**ACTIVITY:** Retype the lines below exactly, but only those from the line that has "新澳门三肖三码必出的理念为澳" through the line that has "Avis et témoignages". Omit every picture.

**DATASET ENTRIES:**
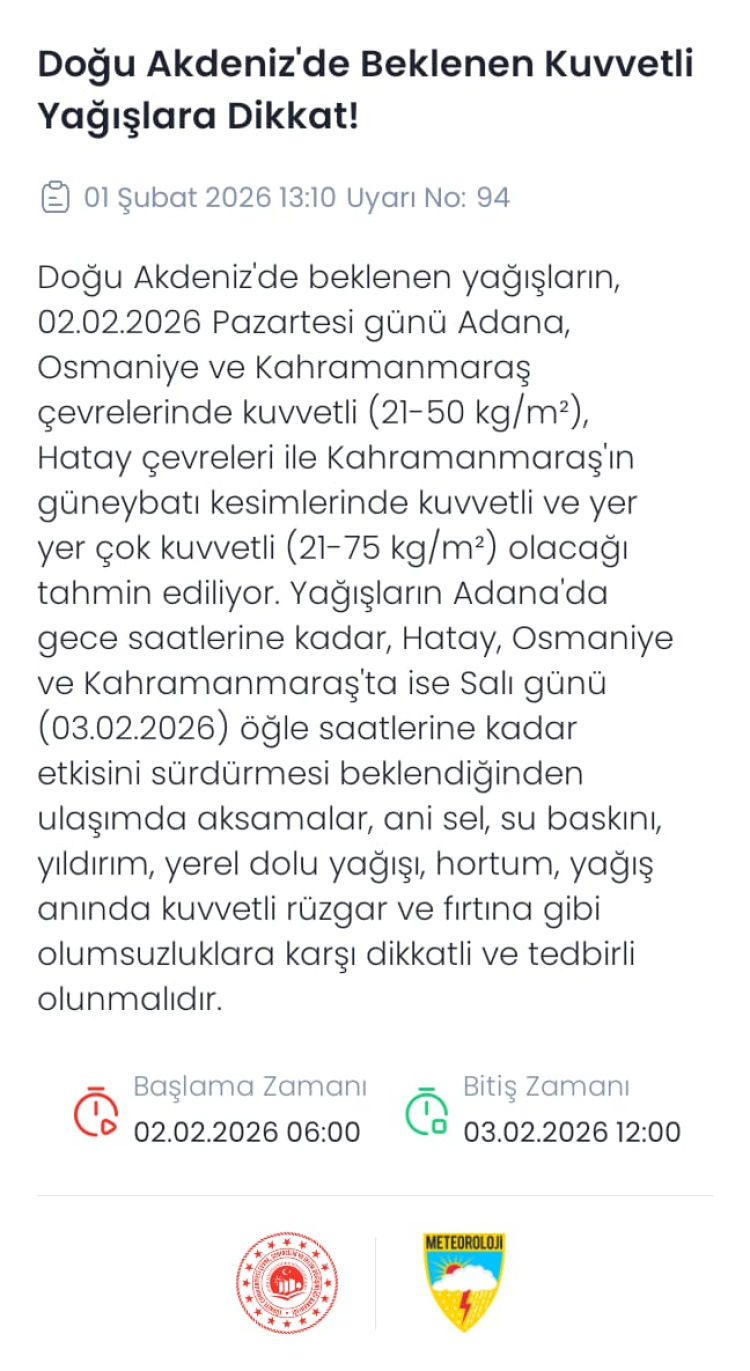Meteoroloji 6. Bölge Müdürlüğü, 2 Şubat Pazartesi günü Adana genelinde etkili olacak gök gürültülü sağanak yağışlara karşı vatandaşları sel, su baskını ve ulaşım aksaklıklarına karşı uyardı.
---
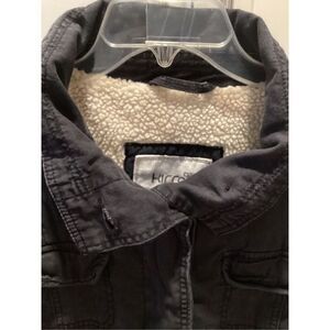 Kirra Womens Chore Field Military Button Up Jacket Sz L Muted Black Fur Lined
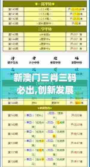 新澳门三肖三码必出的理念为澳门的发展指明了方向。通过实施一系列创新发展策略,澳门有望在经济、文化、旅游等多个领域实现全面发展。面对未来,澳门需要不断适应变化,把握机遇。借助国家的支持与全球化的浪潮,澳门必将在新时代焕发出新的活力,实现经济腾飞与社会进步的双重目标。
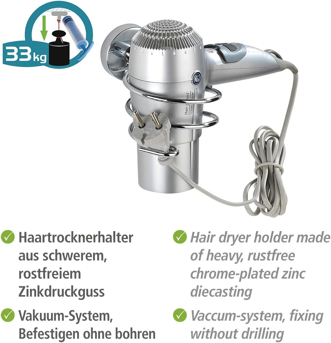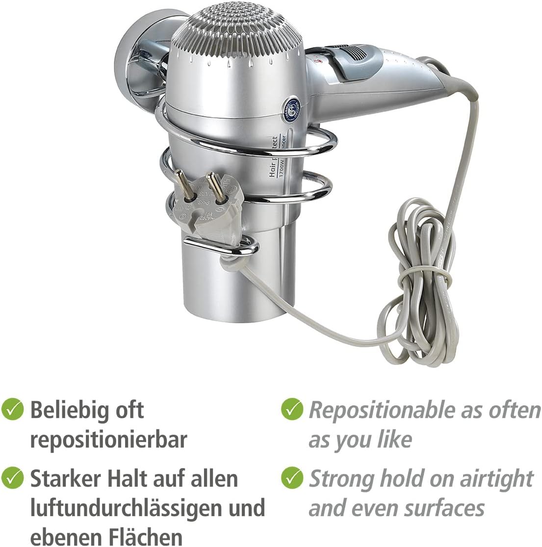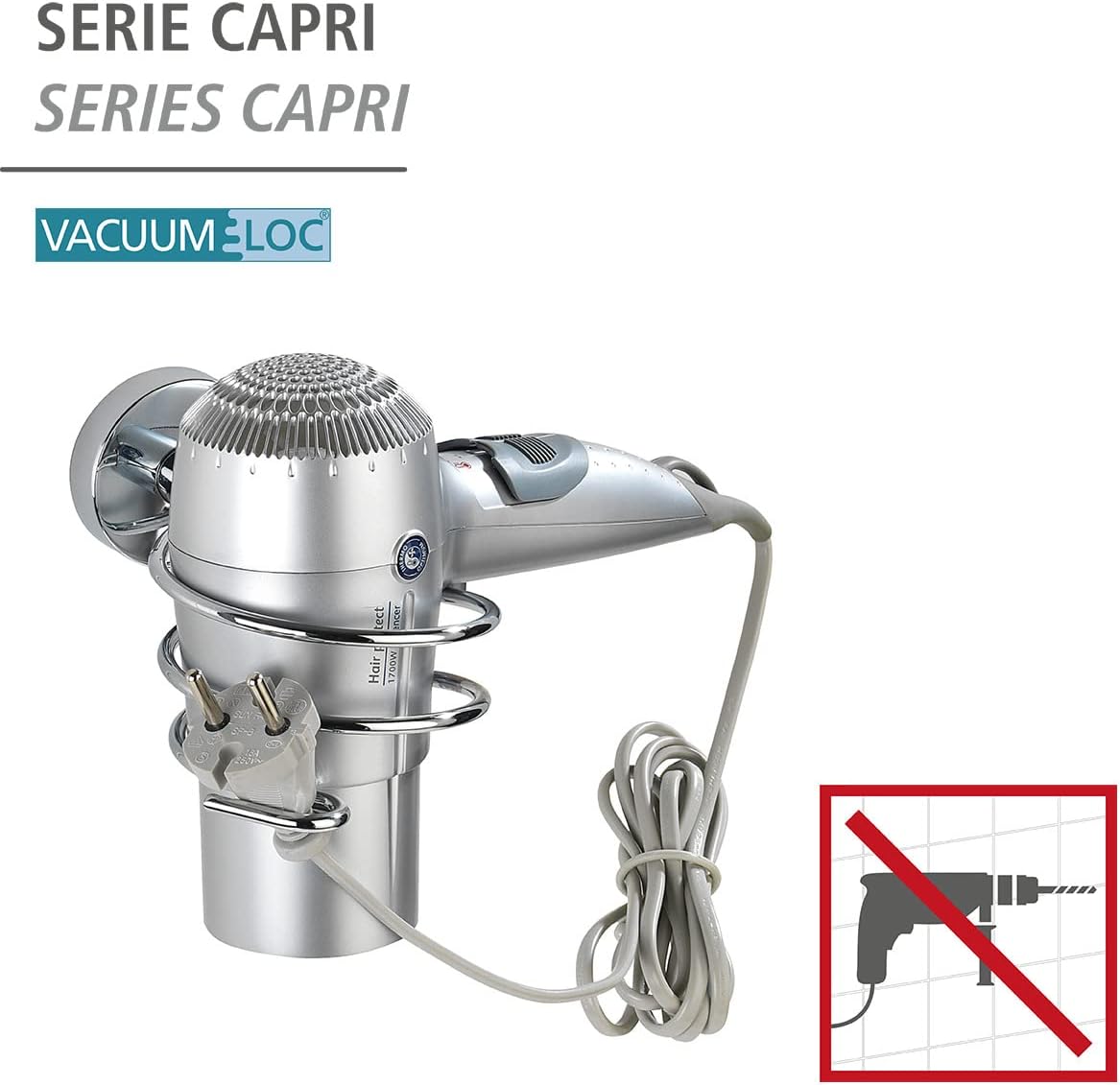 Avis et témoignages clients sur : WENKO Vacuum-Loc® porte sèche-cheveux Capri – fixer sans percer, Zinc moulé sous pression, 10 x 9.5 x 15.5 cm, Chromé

**TASK OUTPUT:**
 新澳门三肖三码必出的理念为澳门的发展指明了方向。通过实施一系列创新发展策略,澳门有望在经济、文化、旅游等多个领域实现全面发展。面对未来,澳门需要不断适应变化,把握机遇。借助国家的支持与全球化的浪潮,澳门必将在新时代焕发出新的活力,实现经济腾飞与社会进步的双重目标。
 Avis et témoignages clients sur : WENKO Vacuum-Loc® porte sèche-cheveux Capri – fixer sans percer, Zinc moulé sous pression, 10 x 9.5 x 15.5 cm, Chromé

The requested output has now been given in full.